To select stick people to find out more about them, students click on the stick person as they skate past. Some of the stick people are faster than others (more about that next year!) so it’s not always easy to catch them. This means that it will take different times for students to collect the same number of data cards. As the stick people are selected, a stack of data cards starts to be built on the top right hand side of data card screen below.

At this point we’re in a similar position to where we would be if we had given students a set of data cards each, or if we had asked them to select a random sample of data cards from a population bag. One of the really awesome things about data cards is the physical nature of them – students can move them around, sort them, line them up, etc. So in this digital environment, students can drag the stick people data card around by tapping their heads and dragging their finger.

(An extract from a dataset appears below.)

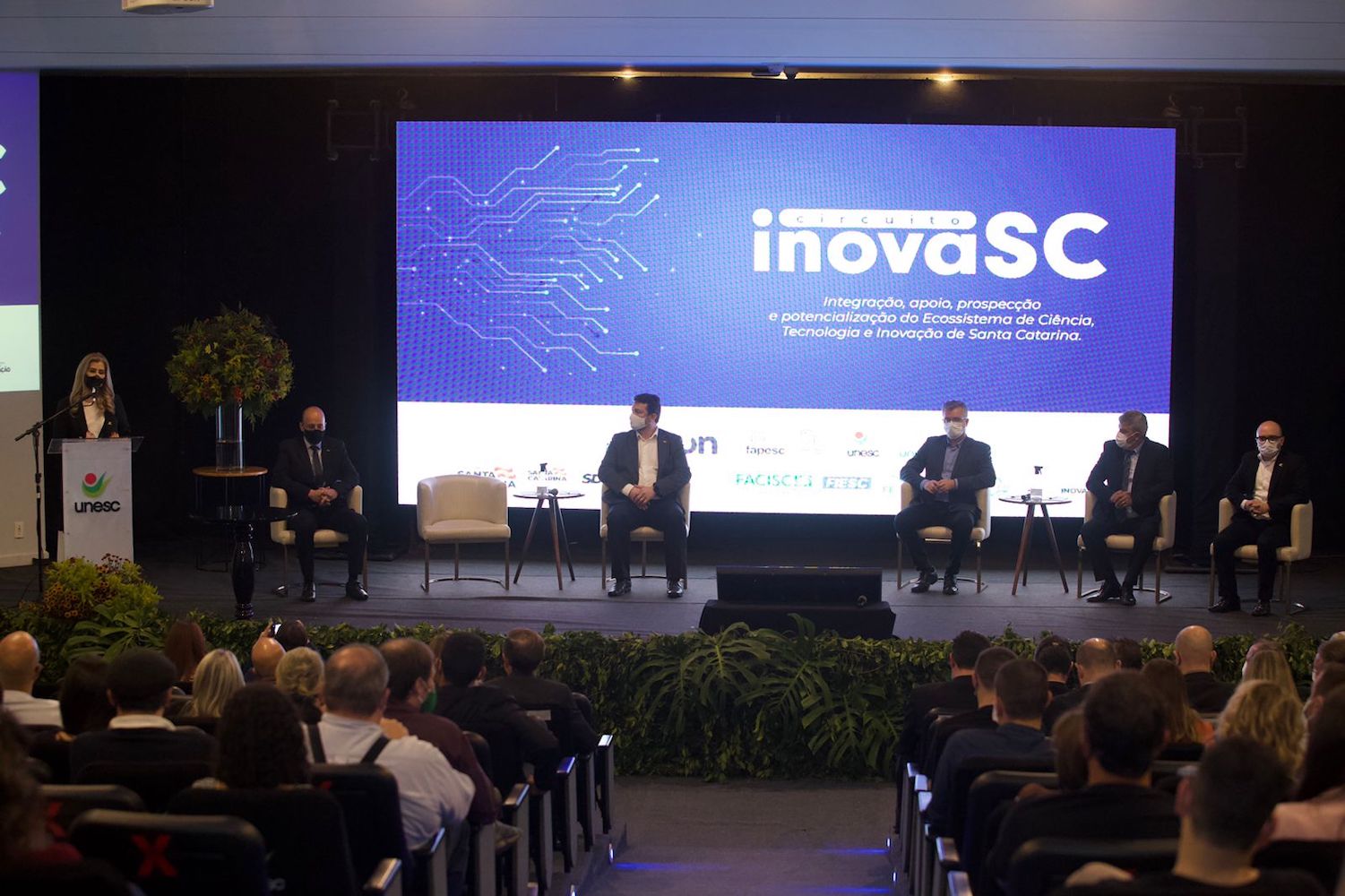 “O papel da Fapesc não é só de fomento, mas de interação, de articulação e de levar a ciência, a tecnologia e a inovação para todo o estado de Santa Catarina, gerando, ainda, conhecimento em todas as áreas e melhoria na qualidade de vida dos cidadãos”. Foi o que disse o presidente da Fundação de Amparo à Pesquisa de Santa Catarina (Fapesc), Fábio Zabot Holthausen, durante a palestra que teve como tema “Inovando Santa Catarina”, e que faz parte da programação do primeiro encontro do Circuito Inova SC, nesta quinta-feira (21/10). A Unesc foi a Universidade escolhida para o início dessa grande trajetória que vai percorrer outras 12 instituições do Estado. Evento promovido pela Associação Catarinense das Fundações Educacionais (Acafe) com apoio da Fapesc, ocorreu no Auditório Ruy Hulse, na Instituição.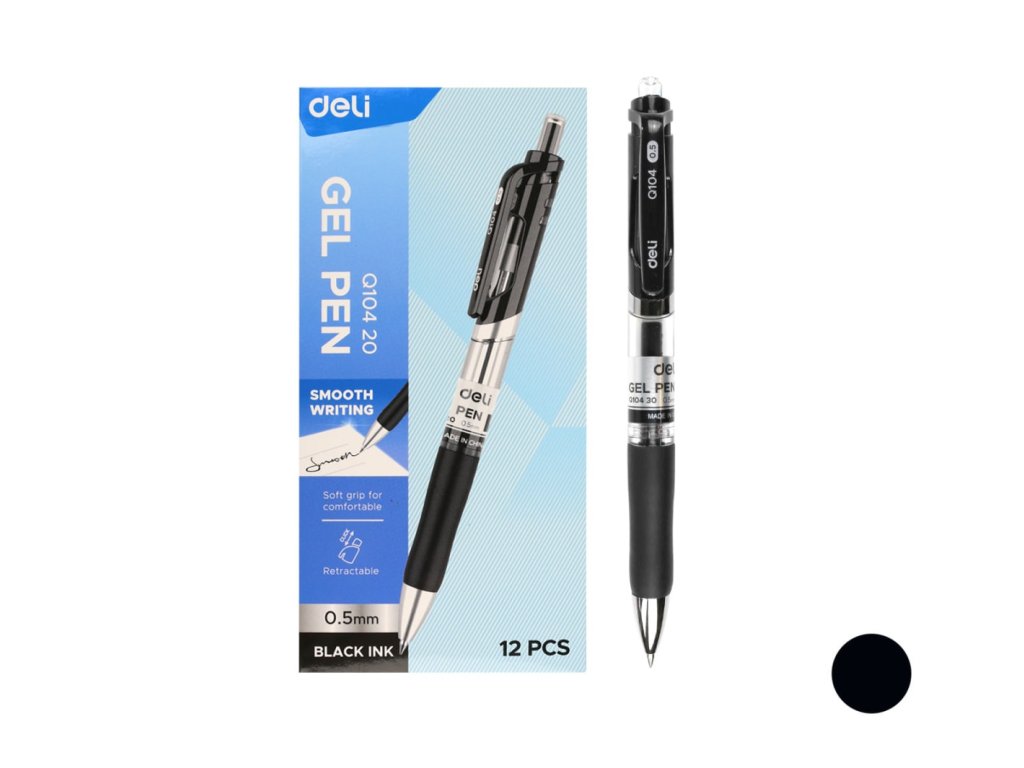 Propiska gelová DELI EQ10420 černá: - kuličkový hrot- šíře stopy: 0,5mm- barva náplně: černá- gelová náplň- hladké psaní- inkoust s nízkou viskozitou- stiskací mechanismus- měkký pogumovaný úchopDoplňkové parametry

I love getting students to sort the data cards by a categorical variable (e.g. Facebook user) and then by another categorical variable (e.g. Snapchat user) to build ideas of two-way tables and conditioning.


You can also get students to make graphs out of the data cards (see one of Pip Arnold’s excellent resources along these lines here on Census At School NZ). In this digital environment, students can make the cards bigger or smaller, and can move into “dot” mode as they move into graphical representations by encoding the data.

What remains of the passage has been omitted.